Parecía una de esas mujeres que se enorgullecen de no ver nunca la televisión, pero tiene una suscripción a la guía VPRO.

Silvia Whiteman

El semáforo del Overtoom estaba en rojo. Los esperaba una mujer de unos 65 años, acompañada de una niña de unos 8. La ropa de los dos delataba su bienestar. El niño vestía una gabardina tipo Petit Bateau, la mujer, avestruz, con rizos grises hasta la mandíbula, amplios pantalones blancos de vuelo y un poncho de lujosa arpillera color herrumbre.

La luz se puso verde y empezó a traquetear. ‘¿Escuchas eso, Hanna?’, dijo la mujer en un tono fuerte y sermoneador, ‘Ese sonido es para personas ciegas. Entonces también saben que se les permite cruzar.’ El niño guardó silencio y pensó. A la mitad del paso de cebra, preguntó: “¿Abuela? Pero, ¿y si esos ciegos también son sordos?

La abuela se rió. “¡Esa es una pregunta inteligente, Hanna!”, dijo en voz alta de nuevo. Miró a su alrededor para ver si los compañeros de cruce habían notado la astucia de su nieto. Parecía una de esas mujeres que se enorgullecen de no ver nunca la televisión, pero tiene una suscripción al Guía VPRO. “Eso debe ser bastante complicado, ¿no es así, cuando no puedes ver y no puedes oír?” Complicado, ella realmente lo puso.

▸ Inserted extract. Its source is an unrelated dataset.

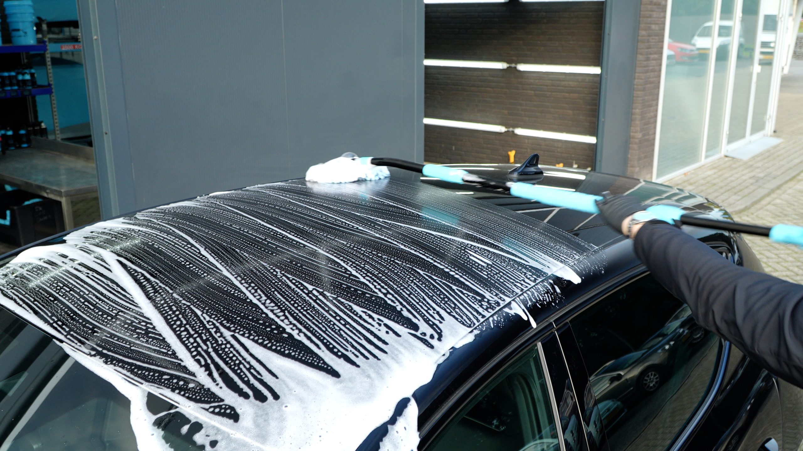 Use a clean Stipt Premium Wash Extension to wash the car from top to bottom.

“Hace mucho tiempo vivía una niña en América”, continuó la mujer, transmitiendo. “Su nombre era Helen Keller, y era sorda y ciega. Pero también era muy inteligente. Todavía aprendió a leer y escribir. Y luego fue a la universidad, e incluso se graduó con honores. Cum laude, ¿sabes lo que eso significa, Hanna? Su sonrisa era decididamente aterradora.

La niña negó con la cabeza y preguntó: “¿Pero cómo pudo cruzar?” La abuela, frustrada porque su conferencia fue interrumpida, respondió un poco secamente: “Entonces vino su madre”.

La chica asintió. Pero la media aún no estaba terminada. “¿No tenía que trabajar su madre?”, preguntó. Ahora la abuela estaba viva de nuevo. “A las mujeres no se les permitía trabajar en esos días, Hanna”, enseñó. ‘Loco, ¿eh? Porque los hombres entonces pensaban que las mujeres…’ La niña la interrumpió y le preguntó: ‘Pero si eres sorda y ciega, y no tienes madre, ¿cómo se supone que vas a cruzar?’

Esperé con resignación una explicación de nuestro hermoso estado de bienestar, pero la mujer se detuvo frente a una panadería y dijo: ‘Vamos a comprar un buen pan fresco para el almuerzo’.

“¡Y una dona!”, gritó el niño. “No, Hanna”, dijo la mujer, de nuevo con esa sonrisa aterradora. Las donas están llenas de números E. ¿Sabes qué son esos números E? Esos son polvos que…”

Seguí caminando. Me hubiera encantado pegarle, pero eso te hará daño.